#### [Given material]

+++

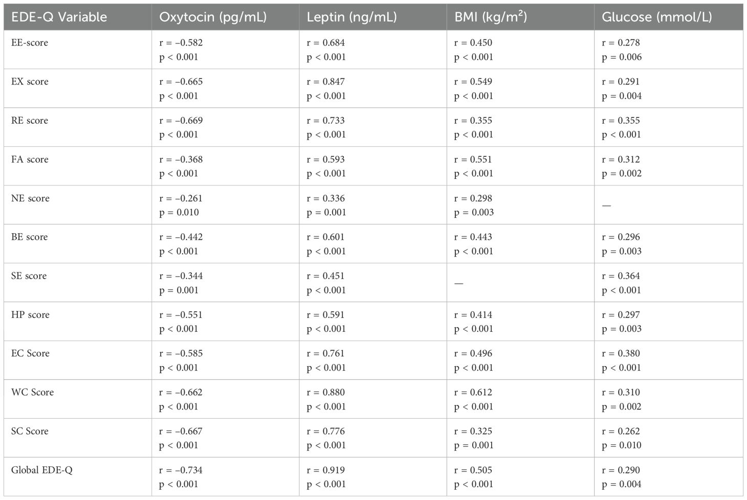 A heatmap of Spearman correlation coefficients (Figure 3) revealed strong intercorrelations among the EDE-Q subscales and the Global EDE-Q score, reflecting the internal consistency of this instrument. Notably, Global EDE-Q demonstrated strong positive correlations with EE-score, EX score, RE score, EC_Score, WC_Score, and SC_Score.
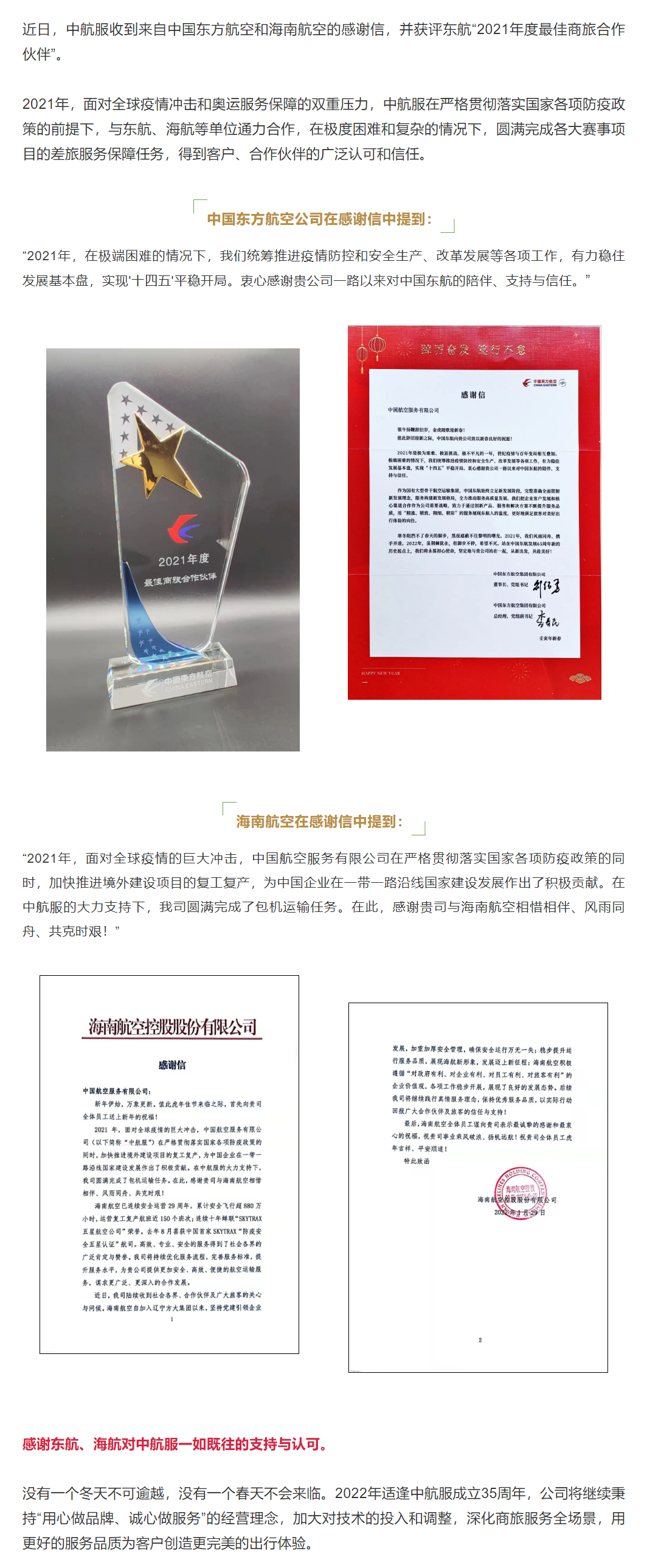 中航服喜获东航、海航感谢信,并获评东航年度最佳商旅合作伙伴
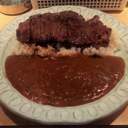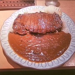薄くはあるが一枚のステーキが載せられた見た目豪華なカレー。
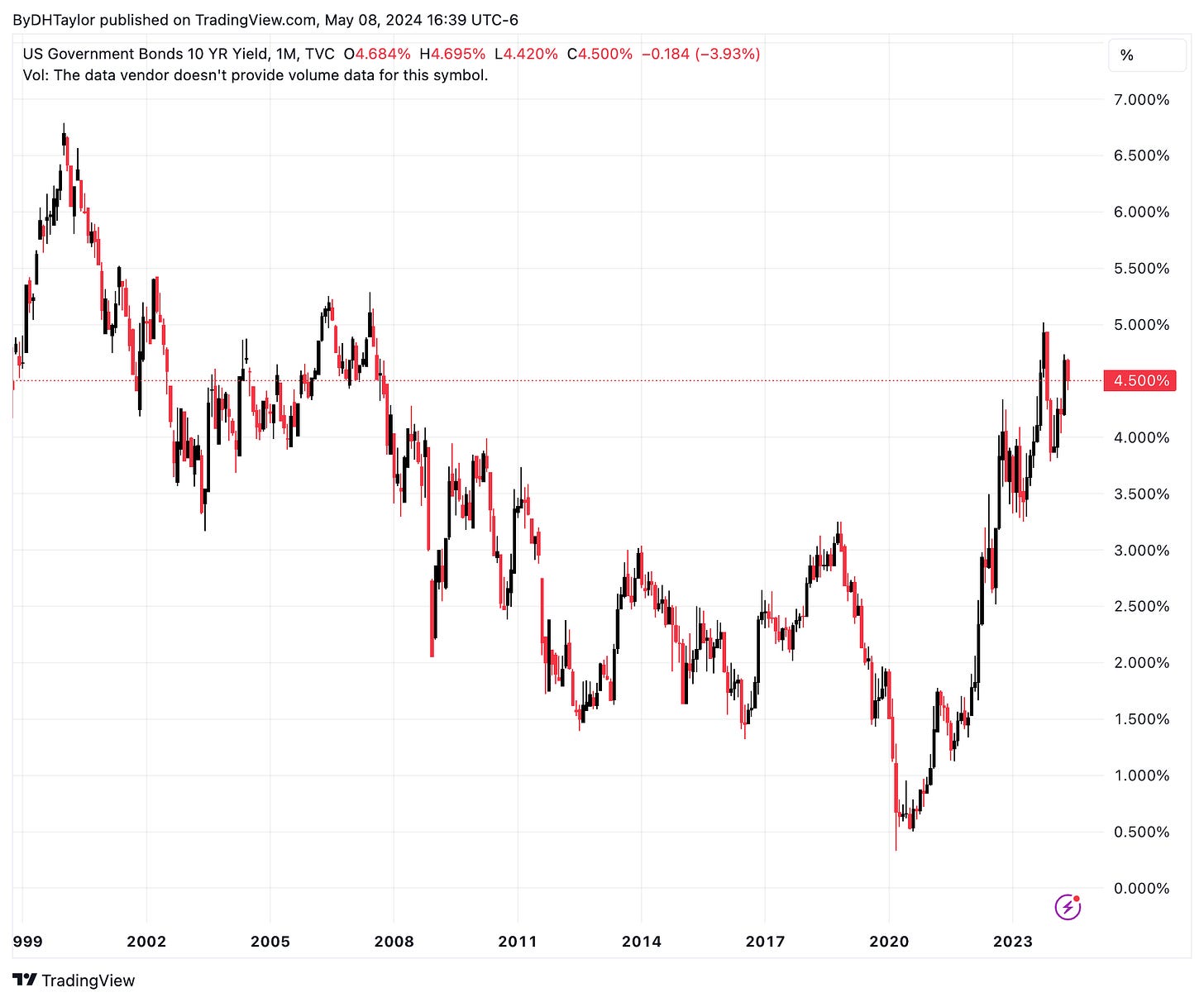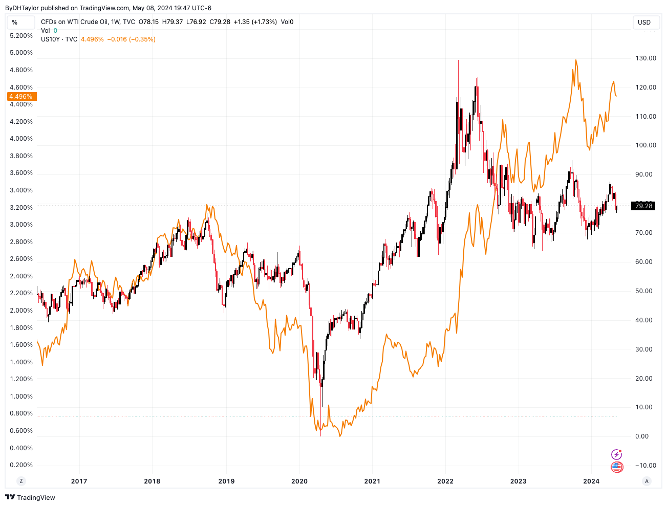Above, I am comparing WTI - or the price of oil, versus the US 10 Year Treasury yield. There are obvious ebbs and flows with interest rates and the economy overall when you look at both of these.

+++

#### [Assigned task]
Starting at the line that contains "薄くはあるが一枚のステーキが載せられた見た目豪華なカレー。", restate each line verbatim through the final line of the listing, skipping all pictures.

#### [Task result]
薄くはあるが一枚のステーキが載せられた見た目豪華なカレー。
Above, I am comparing WTI - or the price of oil, versus the US 10 Year Treasury yield. There are obvious ebbs and flows with interest rates and the economy overall when you look at both of these.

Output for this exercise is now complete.